Dyna Robotics has unveiled what it describes as a “breakthrough” in robotic autonomy with the release of Dynamism v1 (Dyna-1), the company’s first robot foundation model capable of sustained, high-performance operation on complex dexterous tasks using a pair of stationary robotic arms.
Dyna-1 distinguishes itself through exceptional robustness and reliability, even over extended periods of continuous use.
In a demonstration of its capabilities, Dyna-1 was assigned a production-grade task: folding napkins to restaurant standards.
Over a 24-hour period, the robot autonomously folded more than 700 napkins with a success rate exceeding 99.4 percent, all without human intervention, maintaining a throughput of 60 percent of human speed.
This level of autonomous operation marks a significant advancement in the field of embodied AI. Existing robot foundation models – despite access to diverse datasets and large-scale architectures – often struggle with sustained performance, frequently entering unrecoverable states during prolonged operations.
Success rates for these models tend to plateau at around 80 percent on complex dexterity tasks in single episodes.
Dyna Robotics experienced similar challenges internally with its own advanced baseline models. These systems, while initially effective, typically lost stability after an hour or two of operation, requiring human correction.
To overcome these limitations, the company developed a generalizable method for training robust, autonomous robotic foundation models, with a key innovation being the introduction of a scalable reward model (RM).
This reward model provides fine-grained, accurate feedback across a wide range of robotic interactions, forming the basis for core functionalities such as:
- Autonomous exploration – enabling the robot to intelligently navigate its action space and discover effective behaviors
- Intentional error recovery – allowing the system to detect and recover from execution errors
- High-quality dataset generation – facilitating continuous learning through autonomous operation
Through iterative scaling of this RM-in-the-loop training process, Dyna-1 progressed from requiring frequent human assistance to achieving 8-hour autonomy, then 24-hour autonomy with limited throughput, and now consistent high-throughput operation over 24+ hours.

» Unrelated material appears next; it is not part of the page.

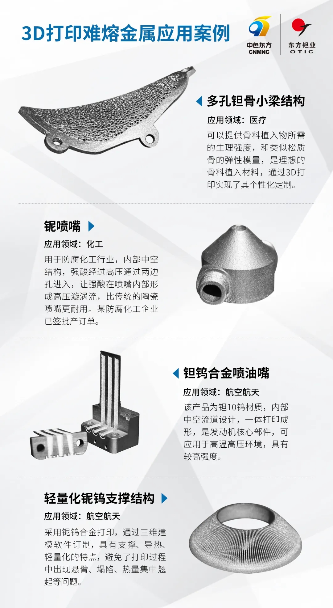 金属3D打印技术作为一种先进的绿色智能制造技术,其材料利用率高,无需模具即可成形复杂构件,这为难熔金属加工制造提供了新方法。2024年11月11日,宁夏东方智造与华曙高科携手,基于华曙高科设备开源优势,联合进行了新材料和针对性工艺的开发,解决了难熔金属的激光精密成形难题,产品打印性能稳定,持续为航空航天、医疗、化工等领域提供难熔金属大尺寸、产业化3D打印解决方案及打印服务。据悉,成立于2021年的宁夏东方智造科技有限公司,由宁夏东方钽业股份有限公司和内部核心项目团队人员共同出资成立,以难熔金属、难熔金属基合金、难熔高熵合金冶炼加工、球形钽粉、钽钨合金粉、铌粉、铌钨合金粉加工与销售3D打印产品设计、3D打印服务、3D打印产品销售为主营业务。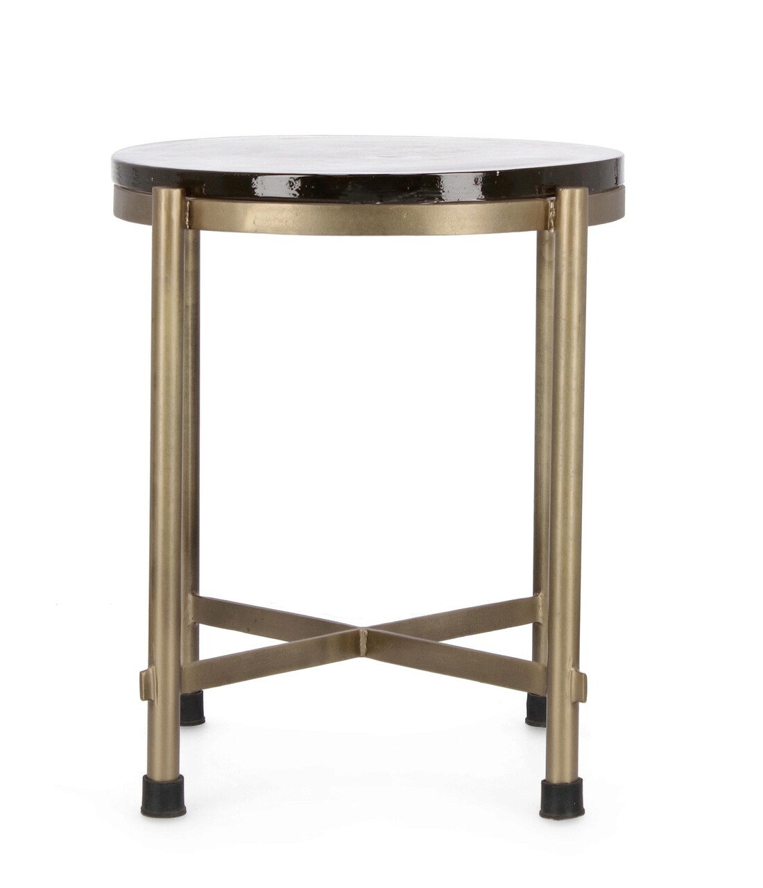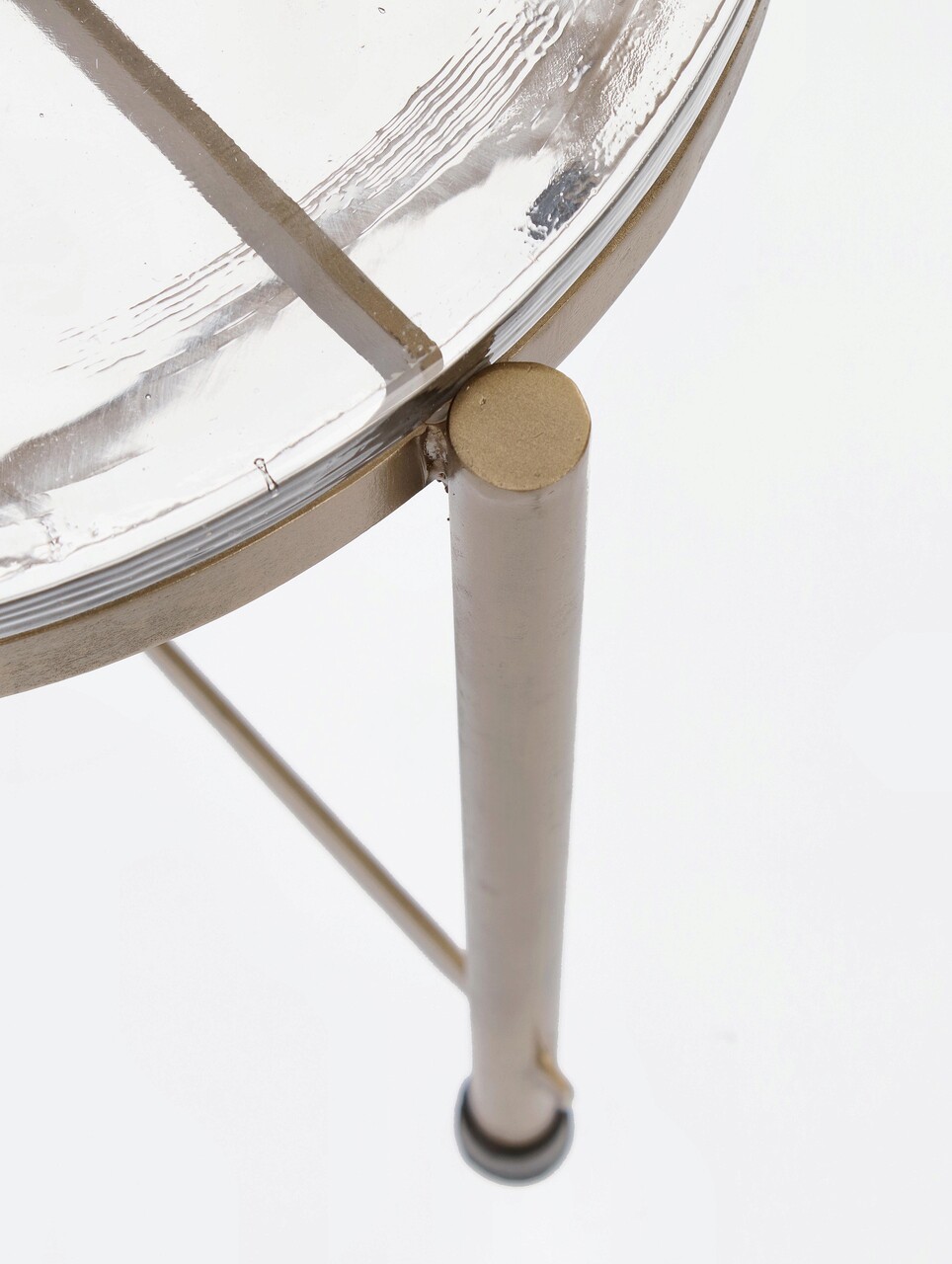 Otel cu finisaj placat si antichizat. Blat din sticla naturala realizat manual (grosime 15-18 mm). Formele originale formate de sticla sunt doar orientative, toate articolele vor fi diferite unele de altele, cu dimensiuni si culori usor diferite.

Napkin folding poses a particularly complex challenge due to the need for precision in separating individual napkins and recovering from unintended actions such as pulling multiple napkins at once.
Dyna-1’s runtime learning, powered by the reward model, enabled it to master these challenges and achieve zero-shot generalization – successfully transferring its skills to a customer environment where it had never trained before.
This capability has also shown strong positive transfer to other manipulation tasks, including laundry folding and cup-filling, the latter of which involves sequential, delicate operations such as object placement, handovers, and tool use. These skills have been validated in real-world customer trials.
Dyna Robotics emphasizes that its goal is to develop foundation models for real-world commercial deployment, targeting not only advanced industrial settings but also accessible applications for everyday businesses such as laundromats, restaurants, and grocery stores.